Now, he has a chance to help the Silvertips to a WHL Championship. A chance he did not think he would have a year ago.

“I think it’s just kind of trusting the process,” Roest said. “Whatever happens, happens. You just got to control what you control. For me, it’s just going to be playing the best I can play, being a leader on this team and hopefully bringing home a championship to Everett. That’s been the goal ever since I stepped into this league, and honestly really grateful to have one more chance at it.”

Despite his familiarity with the organization and after serving as a team captain last season, Roest had a lot of new faces to meet upon rejoining the group, but he believes this is the deepest Silvertips team he’s been a part of.

One of those new faces skated next to him in that postgame lap on Friday. Everett acquired MacKenzie on May 9, 2024 after the 2019 WHL sixth-rounder spent the first 197 games of his career with the Medicine Hat Tigers.

The complete opposite of Roest, this season marked MacKenzie’s first and only in Everett, but he made the most of it. He leads the team with 45 assists entering the final game of the season on Saturday, and his 33 goals and 78 points each rank second behind Carter Bear (40 goals, 82 points).

“Coming here, you never know how it’s going to be,” MacKenzie said. “At the end of the day, it’s kind of a little bit of what you make of it. I came here, and it’s been so special. Landed on my feet. … So much credit goes to (coach Steve Hamilton) and everyone around me in that room. They made it super easy.”

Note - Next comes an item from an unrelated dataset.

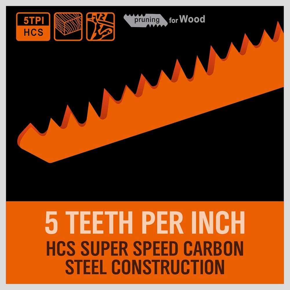 - 5 Pack 9-Inch Wood Pruning Reciprocating, 5 teeth per inch.

Rymon, meanwhile, falls somewhere in between. He spent parts of three seasons with the Silvertips, coming by way of Karlovy Vary, Czechia. He is just one of two non-Canadians on the Silvertips’ roster — along with Julius Miettinen (Finland) — and he ranks top five on the team in all three scoring categories this season, including third in points (66) and goals (30).

Entering Saturday’s season finale, the three combined for 613 WHL games and 546 points (227 goals, 319 assists). Hamilton could not overstate their impact on the team.

“They’re all fabric guys,” Hamilton said. “There’s no question. … All those guys have had an impact on the program, and they have an impact on their teammates. I’ve always said one of the jobs of a 20-year-old is you’re planting seeds you may never see grow, and some of our young guys are going to look back and say how fortunate they were to play with those three. Because to get three committed, team-first guys like that is so incredibly powerful.”

Roest, MacKenzie and Rymon have each planted seeds in the team this season, but this time they actually have a chance to see them grow.